Fifth belonged to another rookie, Patricio O’Ward, for Carlin Racing’s Chevrolet. Unlike Rosenqvist, who has Formula 1 experience, the 19-year-old O’Ward is a true rookie having just come off winning the Indy Lights championship in 2018.
"This place is a blast!" O'Ward said of his first Indycar experience at Long Beach. "It's quite hard to get those last three-tenths (of a second). It's really, really hard to get everything right. You have to be precise because here (because) you don't have grass (runoff areas as on permanent road course); you have a wall. It's pretty tough to get around here with a perfect lap, but I'm enjoying so far."

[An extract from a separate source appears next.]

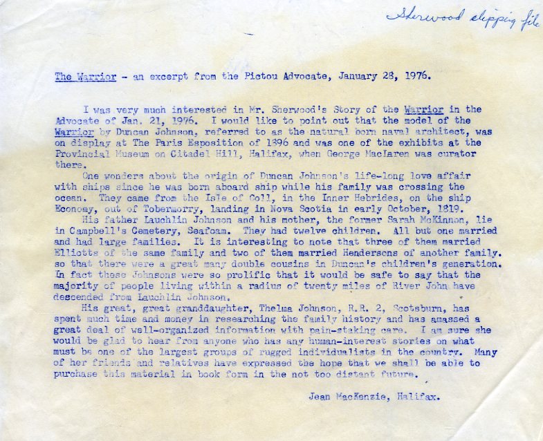 I was very much interested in Mr.Sherwood's Story of the Warrior in the Advocate of Jan.21, 1976. I would like topoint out that the model of the Warrior by Duncan Johnson, referred to ass the natural born naval architect, was on display at the Paris Esposition of 1896, and was one of the exhibits at the Provincial Museum on Citadel Hill, Halifax, when George MacLaren was curator there.

The top 10 was rounded out by Hunter-Reay teammate and defending race winner Alexander Rossi from the Andretti Autosport stable, Graham Rahal with Rahal Letterman Lanigan, COTA winner and rookie Colton Herta (with a morning practice time) from Harding Steinbrenner, Simon Pagenaud from Penske, and James Hinchcliffe from Arrow Schmidt Peterson.
Will Power and Sebastien Bourdais, both inducted on Thursday as the first active drivers in the GPLB Hall of Fame, were 15th and 19th respectively.
IMSA
Three-time Indy 500 champion Helio Castroneves won the pole for the Bubba Burger Sports Car Grand Prix of Long Beach. Castroneves wheeled his Acura Team Penske DPi around the course in a track record 1:11.332 (99.321 mph), and Penske teammate Juan Pablo Montoya took third. Felipe Nasr broke up a Penske sweep by placing his Cadillac DPi for Whelen Engineering Racing in second.
Nick Tandy won pole for the GTLM class in 1:16.313 (92.838 mph) in a Porsche 911 RSR.
Bourdais, doing double-duty this weekend, was fourth in a Ganassi Ford GT.
HISTORICS
In the Historic IMSA GTO qualifying, Craig Bennett edged Irvine’s Joel Miller for the pole. Bennett’s 1990 Nissan 300ZX clocked 1:24.700 to Miller’s 1:25.956 in a 1991 Mazda RX7.